WORK REQUIRED » Output the entries below word for word, stopping once the line containing "6-Pack Label Maker" is done, and omit each picture.

[RECORDS — start]

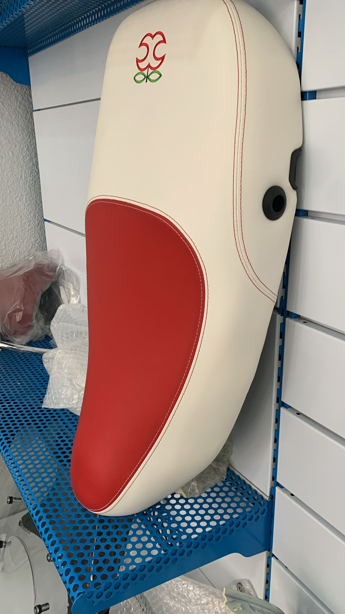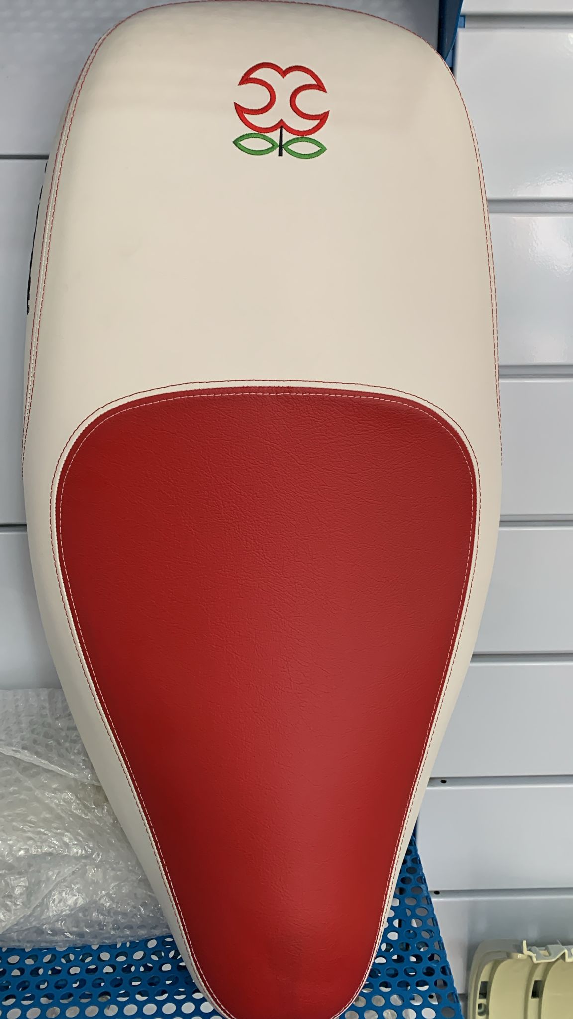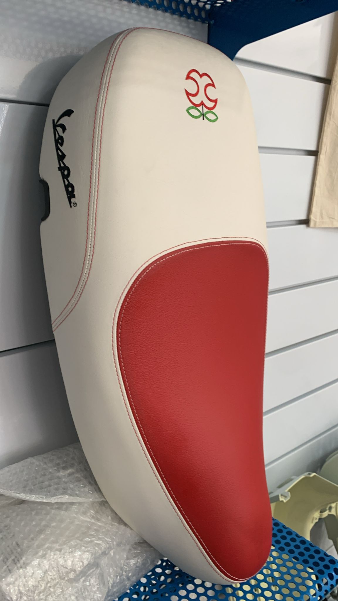 ASIENTO VESPA LX 50/125 VESPA ET2 ET4 APPLE ROJO/BLANCO COSIDO LATERAL VESPA
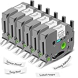 6-Pack Label Maker Tape Replacement 12mm 0.47 White Laminated for P Touch, Compatible with PTouch TZ-TZe 1/2" Black & White TZE231 for PT-D220 D210 H110 D200 D400 D610BT Refills (Black on White)
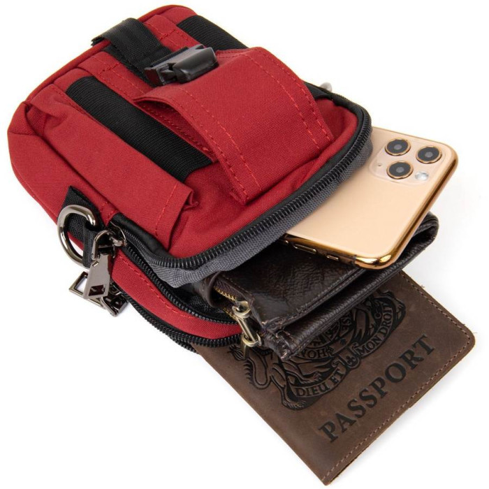 Маленька сумка на ремінь, яка замінить вам барсетку в червоному кольорі з малиновим відтінком. Сумка з нейлону дуже легка і практична. Виріб має необхідний функціонал. Сумку можна підчепити на лямки ременя за допомогою карабіна. Маленька текстильна сумка - ідеальний варіант на літо. Виробництво - фабричний Китай високої якості. Аксесуар доповнено якісною фурнітурою і має бюджетну вартість. Сумочка буде ідеальним подарунком для ваших близьких.
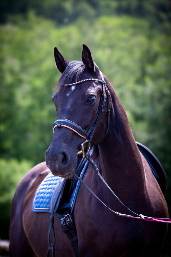 Klacz Baklava, karaWychowana u nas na rozległych pastwiskach w stadzie, zna i umie być w boksie, zadbana różnorodnym żywieniem, probiotyki, witaminy, stomatologicznie od 2 r.ż., wyrwane wilczaki (pełna dokumentacja). Wychów pastwiskowy na pagórkach w stadzie, oraz powolne wdrażanie konia do treningu dają najlepsza profilaktykę przeciw kontuzjom. Najlepszy wiek konia, który jest już przygotowany do intensywniejszych treningów i możliwie najlepiej zabezpieczony przez przypadkowymi kontuzjami. Kon w którego zainwestujesz tylko czas, nie wymaga leczenia, robienia zębów, kopyt itd. nigdy nie kuta.
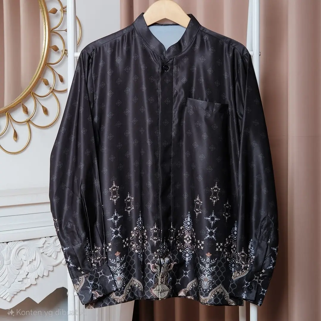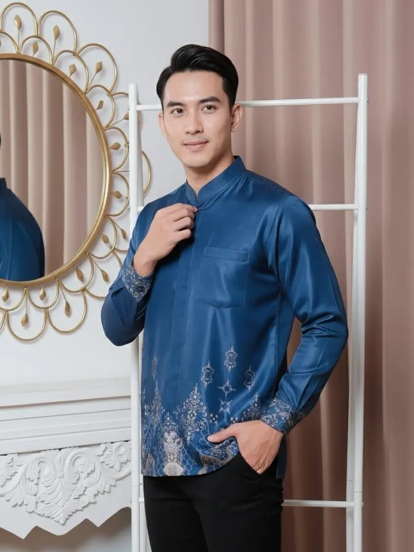 Bagian kerah dibuat dengan model tegak modern yang memberikan kesan tegas dan berwibawa, sementara motif etnik pada bagian dada dan pergelangan tangan menambah sentuhan artistik yang khas. Warna-warna yang digunakan pun dipilih dengan cermat — lembut namun berkarakter, memancarkan aura elegan dan percaya diri bagi siapa pun yang mengenakannya.
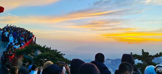 “陡”、“险”在黑夜的笼罩下稍显朦胧,但魅力反增,吸引着人们一探究竟。从9、10点开始攀登,历经8、9个小时于凌晨五六点抵达东峰,恰好可一览最美日出。
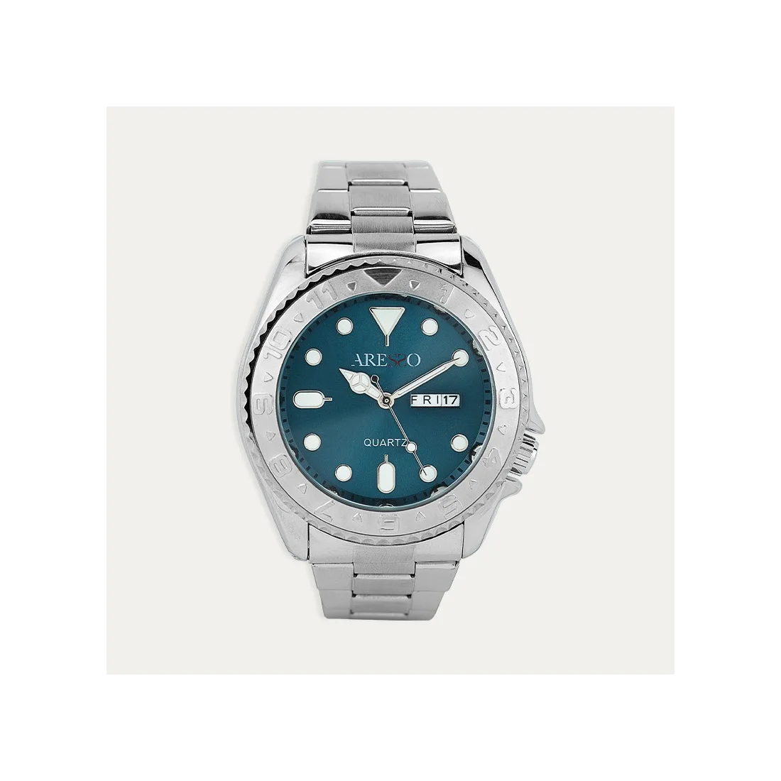 Reloj para caballero de acero con esfera en color aguamarina. Cuenta con un bisel giratorio y calendario.
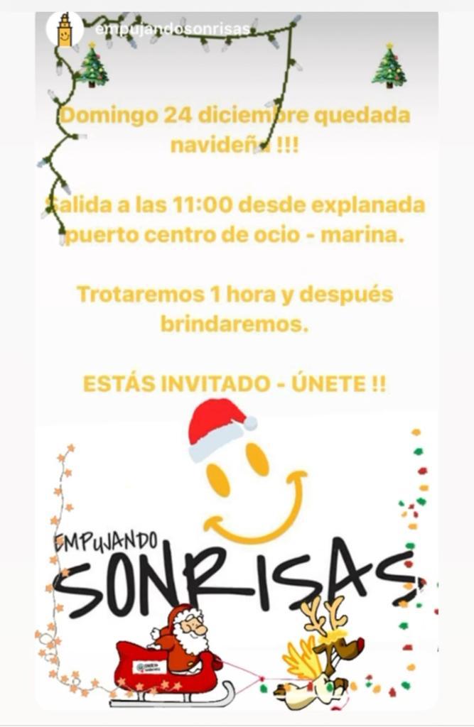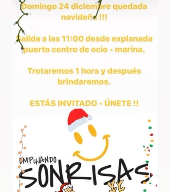Comer, comer y más comer. Las fiestas navideñas son una época para disfrutar de nuestros seres queridos alrededor de la mesa. Es probable que pasados estos días nos cueste abrocharnos los pantalones... Por eso, queremos proponeros un plan perfecto: iniciar las Navidades corriendo en la mejor de las compañías. ¡Únete a la tribu el 24 de diciembre! Saldremos a las 11 desde la explanada del puerto centro de ocio - marina, trotaremos una hora y brindaremos juntos (sin remordimientos) por todo lo bueno que nos ha sucedido y por lo que está por llegar.
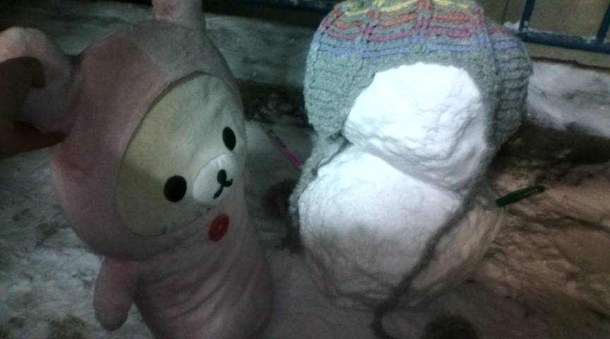 ベランダで雪だるまを作った!!
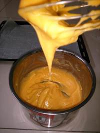 离火后,分三次加入蛋液,搅拌成提起打蛋器出现倒三角为好。
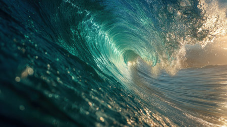 Close-up of a powerful ocean wave cresting and breaking at sunset or sunrise. Golden light illuminates the water's movement and intricate patterns, showcasing nature's beauty and dynamic energy.
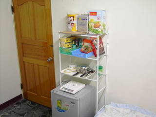 獨立的小冰箱是我當初挑上這間房的一大原因,有了冰箱就能方便的保存食材,再透過電磁爐和小電鍋,就可以很容易的在房間內解決吃的問題,除了方便控制飲食內容和營養成分之外,也相當省錢,即使電費加上去也划算。 從此之後我再也不用為了吃頓飯奔波勞累,煩惱菜單和花費及營養成分,一切都在房間內就可以自己搞定,除非食物吃完或是需要進實驗室,否則我根本不必離開房間……………
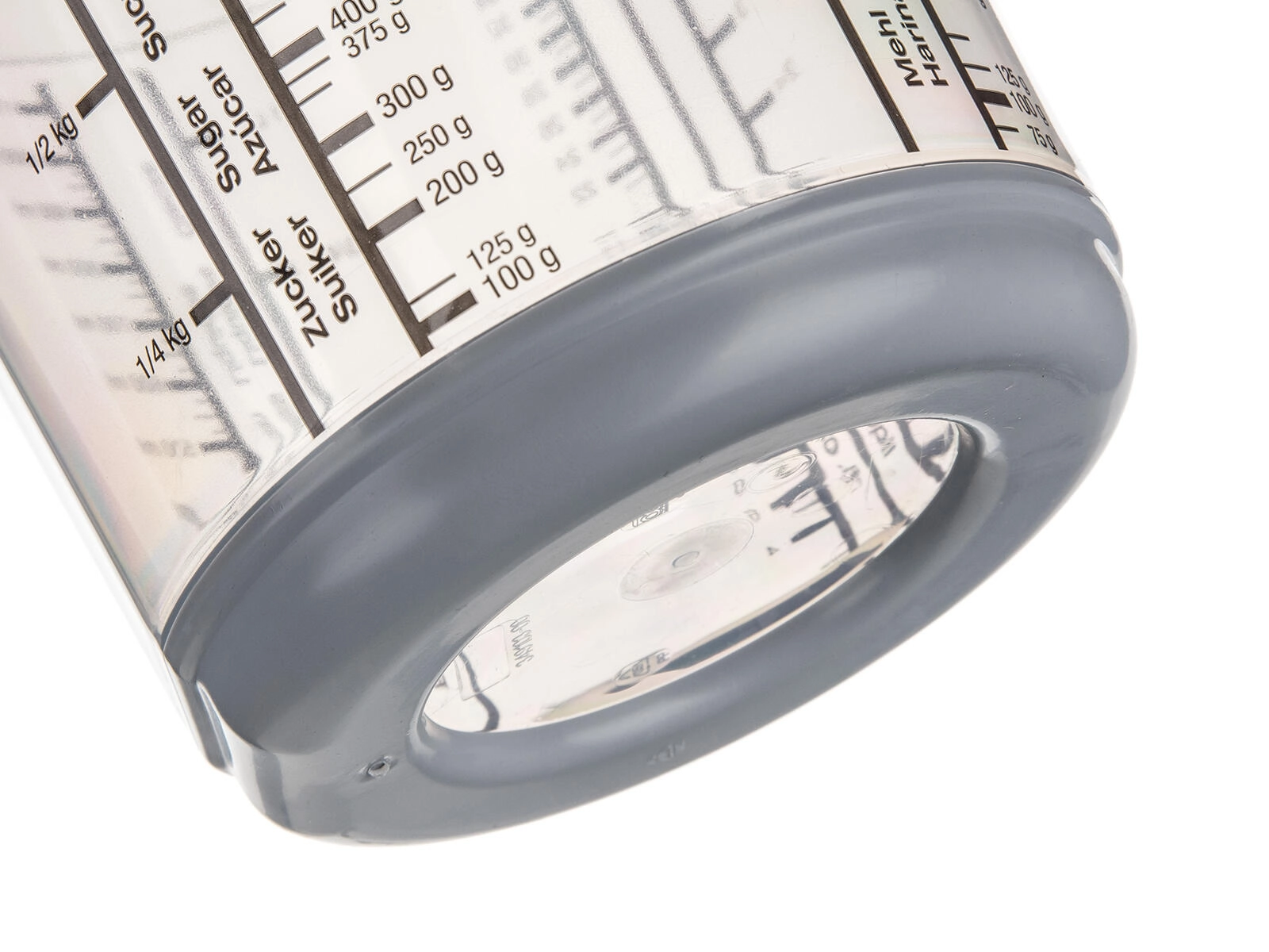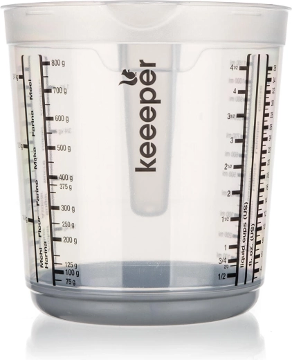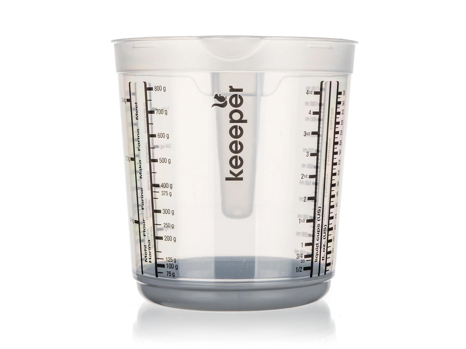 Zwarte, goed leesbare markeringen voor snel en nauwkeurig afmeten van zowel vloeistoffen als droge ingrediënten in meerdere eenheden.
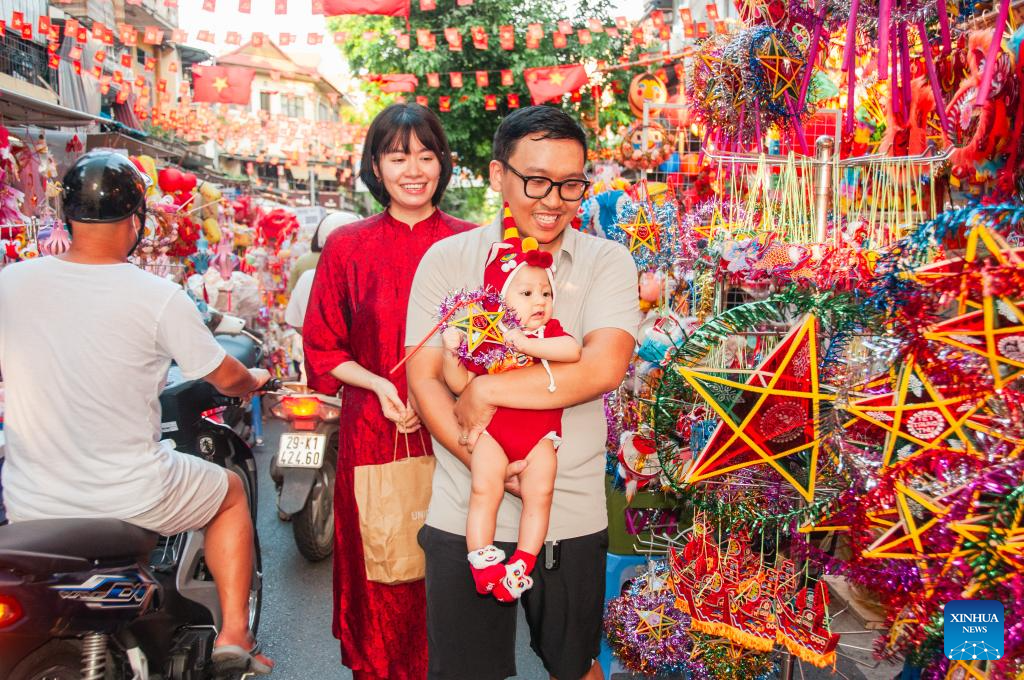 HANOI, 5 octubre, 2025 (Xinhua) -- Imagen del 3 de octubre de 2025 de visitantes comprando artículos para el Festival del Medio Otoño en la calle Hang Ma, en Hanoi, Vietnam. A medida que se acerca el Festival del Medio Otoño, el Barrio Antiguo de Hanoi brilla bajo la cálida luz de los faroles, con familias y visitantes llenando la calle Hang Ma para celebrar una de las fiestas tradicionales más apreciadas de Vietnam. (Xinhua/Dang Hong Dung)
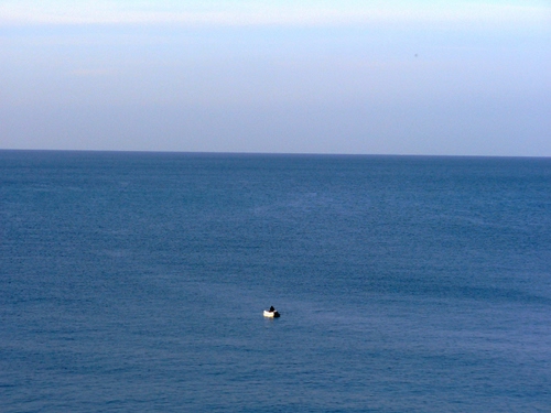 Con la semplicità di questo scatto ho voluto mettere in evidenza un concetto che risalta molto bene sia dalla fotografia stessa che, ovviamente, dal titolo; questo concetto è l'infinità di madre natura nei nostri confronti, in particolare, l'infinità del cielo che si mescola con l'immensità del mare e questi due elementi sono in netto contrasto con la piccolezza e l'impotenza della barchetta e del pescatore.

[RECORDS — finish]

RESULT FOR THIS EXERCISE »
 ASIENTO VESPA LX 50/125 VESPA ET2 ET4 APPLE ROJO/BLANCO COSIDO LATERAL VESPA
 6-Pack Label Maker Tape Replacement 12mm 0.47 White Laminated for P Touch, Compatible with PTouch TZ-TZe 1/2" Black & White TZE231 for PT-D220 D210 H110 D200 D400 D610BT Refills (Black on White)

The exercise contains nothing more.